Dataset items:

============================================================

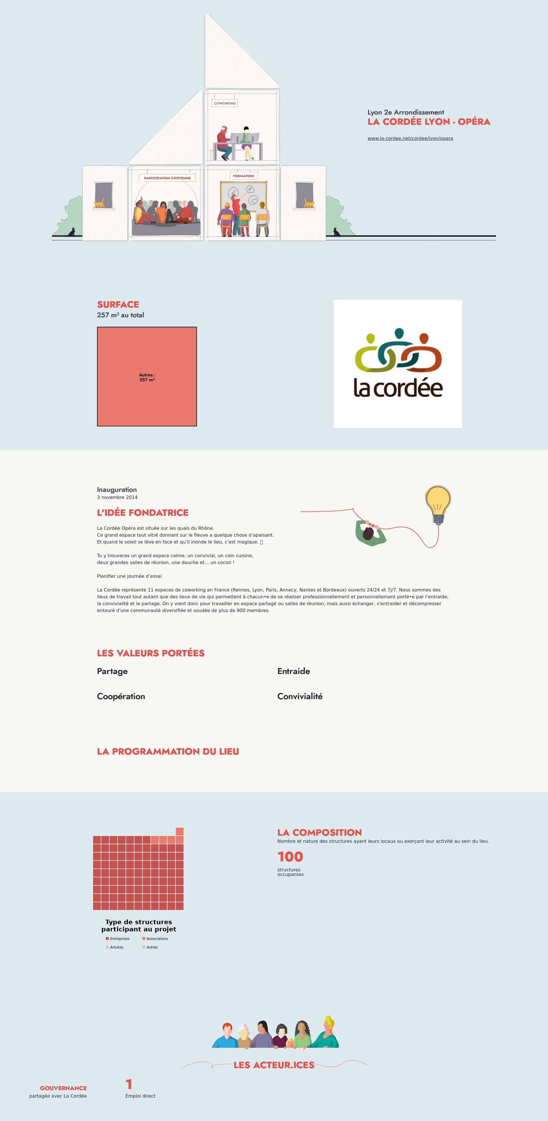 La Cordée représente 11 espaces de coworking en France (Rennes, Lyon, Paris, Annecy, Nantes et Bordeaux) ouverts 24/24 et 7j/7. Nous sommes des lieux de travail tout autant que des lieux de vie qui permettent à chacun•e de se réaliser professionnellement et personnellement porté•e par l’entraide, la convivialité et le partage. On y vient donc pour travailler en espace partagé ou salles de réunion, mais aussi échanger, s'entraider et décompresser entouré d'une communauté diversifiée et soudée de plus de 900 membres.
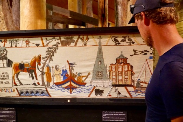 Vi paddlade ett par kilometer nedströms. En bit efter Vingängsjön lade vi till på en liten sandstrand jämte en vit eka. Vi följde stigen ett par hundra meter och hamnade inom kort i Ransby och Utmarksmuseét. Där finns Pilgrimstapeten att beskåda. En 40 meter lång bonad broderad på linneväv med garn av ull. Bonaden skildrar Pilgrimsleden från Hammarö till Nidaros (dagens Trondheim) dit människor vandrade för att besöka Nidarosdomen och Olav den Heliges grav.
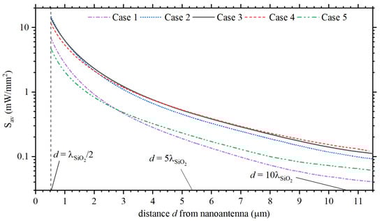 The calculations in Figure 4 were made for . Nevertheless, the incident angle also affects the directivity along the x-axis. In fact, the best results are expected for , as noticed from the numerical results for Cases 3 and 4 in Figure 5a, where the maximum directivity is achieved for each case. However, conventional PICs are fed by the end of the tilt optical fiber. Therefore, to be consistent with the current developments in PICs, the far-field radiation patterns for Cases 1 to 5 are compared in Figure 5b–f, respectively, considering  and . It should be remarked that results for  and  only have a negligible difference, see Figure 5a. To emphasize the feasibility of the optimized design in this work, the time-averaged Poynting vector, namely,  was calculated along the x-axis, as shown in Figure 6, for all five cases. The feed laser light is considered with an incident angle . Since we are interested in the energy radiated into the far-field region, calculations in this last figure were made at a distance of  from the last director (defined as ) of each design. The numerical data for the propagation losses are in qualitative agreement with what is expected from the Friss equation. Moreover, the results for  indicate the possibility of developing optical wireless nanolinks separated by distances d that are several times larger than , which are in agreement with the far-fields in Figure 4 (specifically for ).
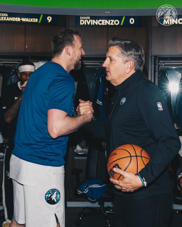 森林狼更衣室祝贺芬奇200胜:拿到比赛用球 华子戈贝尔裹浴巾合影
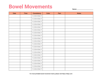 A bowel movement chart is a simple tracking tool used to record details about bowel habits. It helps individuals and healthcare providers monitor digestive health, identify irregular patterns, and manage conditions such as IBS, constipation, or diarrhea. These charts can support better communication with medical professionals and assist in evaluating the effects of diet, medication, or lifestyle changes on bowel function.
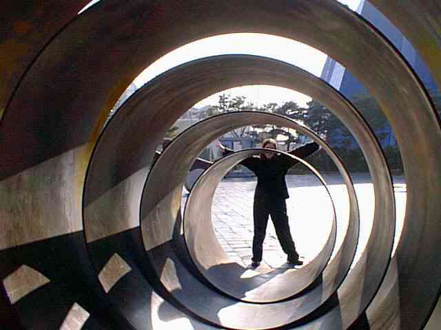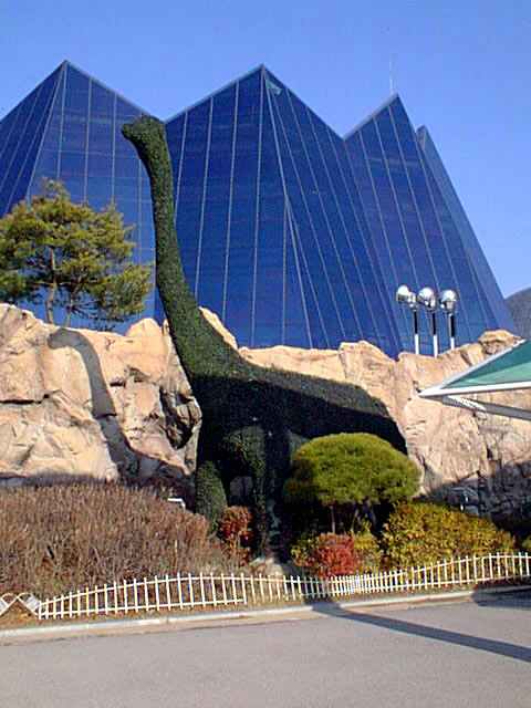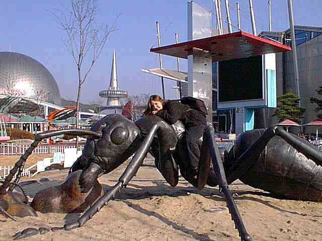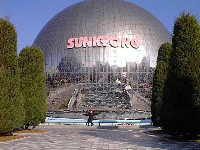 Taejon is proud indeed that it was the 1993 host of EXPO, the World's Fair. The site is still open, though of course tourist traffic isn't quite what it used to be. Nonetheless, the place has lots of cool looking pavilions and a full-scale amusement park going for it, so Cheris and Rob have visited several times. Here's a gallery of pictures of the buildings, sculptures (both metal and shrubs), and Cheris' first bungee-jump...
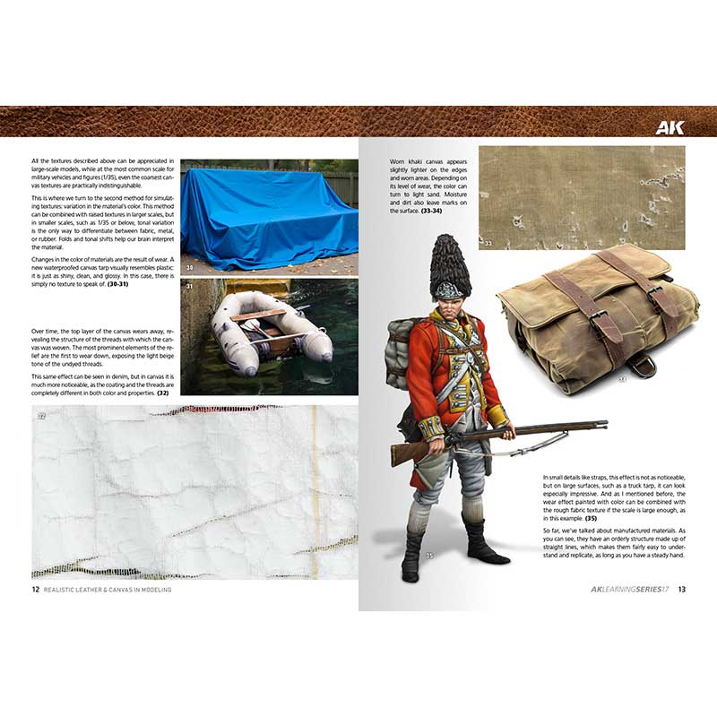 This volume from AK Interactive’s LEARNING series provides an in-depth guide to painting realistic leather and fabric effects. With clear step-by-step explanations, the book shows how to achieve authentic finishes for commonly used materials in modelling such as canvas, burlap, and tarpaulin.

============================================================

What the task asks:
Return the records exactly. Don't carry the pictures over.

Final answer:
 La Cordée représente 11 espaces de coworking en France (Rennes, Lyon, Paris, Annecy, Nantes et Bordeaux) ouverts 24/24 et 7j/7. Nous sommes des lieux de travail tout autant que des lieux de vie qui permettent à chacun•e de se réaliser professionnellement et personnellement porté•e par l’entraide, la convivialité et le partage. On y vient donc pour travailler en espace partagé ou salles de réunion, mais aussi échanger, s'entraider et décompresser entouré d'une communauté diversifiée et soudée de plus de 900 membres.
 Vi paddlade ett par kilometer nedströms. En bit efter Vingängsjön lade vi till på en liten sandstrand jämte en vit eka. Vi följde stigen ett par hundra meter och hamnade inom kort i Ransby och Utmarksmuseét. Där finns Pilgrimstapeten att beskåda. En 40 meter lång bonad broderad på linneväv med garn av ull. Bonaden skildrar Pilgrimsleden från Hammarö till Nidaros (dagens Trondheim) dit människor vandrade för att besöka Nidarosdomen och Olav den Heliges grav.
 The calculations in Figure 4 were made for . Nevertheless, the incident angle also affects the directivity along the x-axis. In fact, the best results are expected for , as noticed from the numerical results for Cases 3 and 4 in Figure 5a, where the maximum directivity is achieved for each case. However, conventional PICs are fed by the end of the tilt optical fiber. Therefore, to be consistent with the current developments in PICs, the far-field radiation patterns for Cases 1 to 5 are compared in Figure 5b–f, respectively, considering  and . It should be remarked that results for  and  only have a negligible difference, see Figure 5a. To emphasize the feasibility of the optimized design in this work, the time-averaged Poynting vector, namely,  was calculated along the x-axis, as shown in Figure 6, for all five cases. The feed laser light is considered with an incident angle . Since we are interested in the energy radiated into the far-field region, calculations in this last figure were made at a distance of  from the last director (defined as ) of each design. The numerical data for the propagation losses are in qualitative agreement with what is expected from the Friss equation. Moreover, the results for  indicate the possibility of developing optical wireless nanolinks separated by distances d that are several times larger than , which are in agreement with the far-fields in Figure 4 (specifically for ).
 森林狼更衣室祝贺芬奇200胜:拿到比赛用球 华子戈贝尔裹浴巾合影
 A bowel movement chart is a simple tracking tool used to record details about bowel habits. It helps individuals and healthcare providers monitor digestive health, identify irregular patterns, and manage conditions such as IBS, constipation, or diarrhea. These charts can support better communication with medical professionals and assist in evaluating the effects of diet, medication, or lifestyle changes on bowel function.
 Taejon is proud indeed that it was the 1993 host of EXPO, the World's Fair. The site is still open, though of course tourist traffic isn't quite what it used to be. Nonetheless, the place has lots of cool looking pavilions and a full-scale amusement park going for it, so Cheris and Rob have visited several times. Here's a gallery of pictures of the buildings, sculptures (both metal and shrubs), and Cheris' first bungee-jump...
 This volume from AK Interactive’s LEARNING series provides an in-depth guide to painting realistic leather and fabric effects. With clear step-by-step explanations, the book shows how to achieve authentic finishes for commonly used materials in modelling such as canvas, burlap, and tarpaulin.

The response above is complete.